Belfast Telegraph

Wednesday 1 October 2014

Just how will granny explain that tattoo in 40 years' time?

Navel gazing: Tat’s all folks!
Navel gazing: Tat’s all folks!

We're evolving into a different species. Casting for its new drama, The Village, set in the early 20th century, the BBC had to reject the vast majority of locals who turned up to be cast as extras because ... erm ... they didn't look right.

Dyed hair, 'orange' suntans, strange piercings, plucked eyebrows and an abundance of tattoos disqualified those looking for a brief taste of stardom.

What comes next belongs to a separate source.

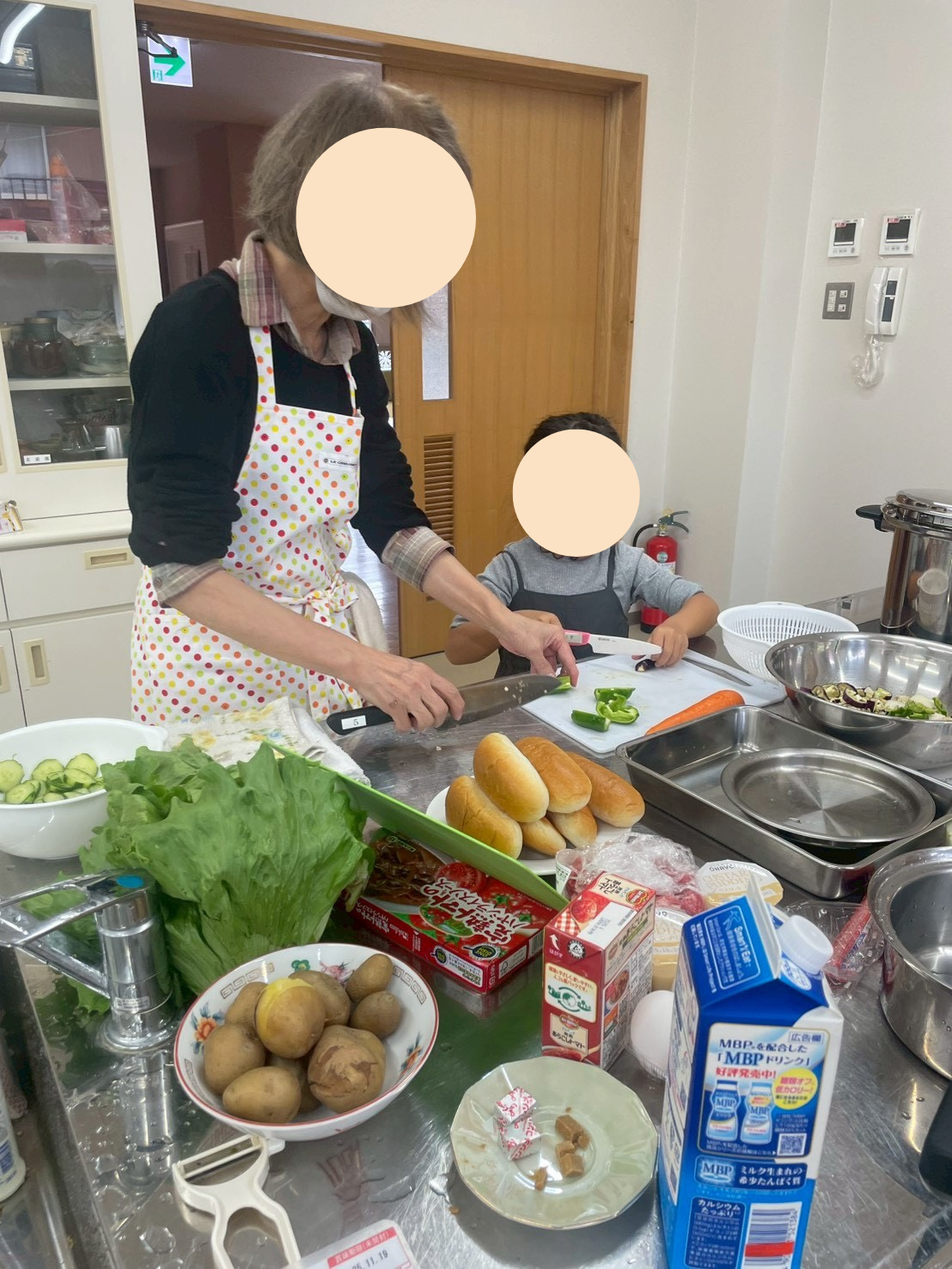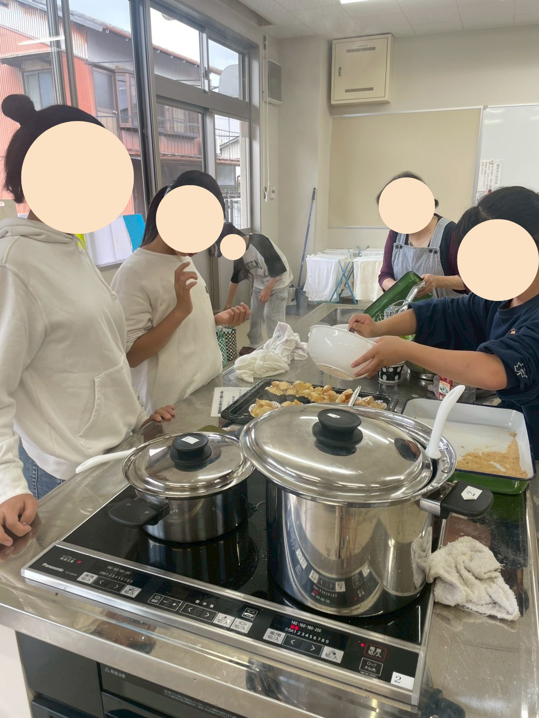 継続参加の小学校高学年女子グループが、今回もにぎやかに参加してくれました。何度かスタッフと一緒に料理をするうち、包丁の使い方にも徐々に慣れてきた様子がうかがえました。

I must admit I worry about this kind of thing. What really freaks me out is all the tattoos. In the old days it was only sailors, circus strongmen and felons who made their bodies into works of dubious art.

Now its almost compulsory – and across all walks of life. Genteel English roses turn up looking like they got some kind of hideous skin disease creeping up their leg ... until you realise it's a tat.

Presentable George Clooney types have Chinese script inked onto the side of their neck. Worse, they tell you what it means? (Actually, we all know what it means – they're gullible morons.)

Do they ever worry about when they're older and the ... er ... canvas becomes less taut? Sixty years from now as Grandma Katz lies in her coffin baffled children are going to be peering intently at the wrinkly corpse, deciphering her legacy. "What does that say? Unstoppable ... sex ... machine. Mummy! Was granny an unstoppable sex machine?"

"No dear. She was a member of the Women's Institute."

Much of the other stuff is relatively innocuous if still disconcerting, like grey-haired men in their fifties, their skin a rich mahogany colour, their bodies pumped up on steroids. Or having coffee served by somebody with a tap washer in their ear – and through the hole in their lobe you can see customers on the other side of the cafe staring back at you, aghast.

Perhaps, we're going too far in all this identikit individualism. What's the reckoning that pretty soon looking like your own grandad is going to be the new "in".

And who knows you may even get a bit part in a period drama.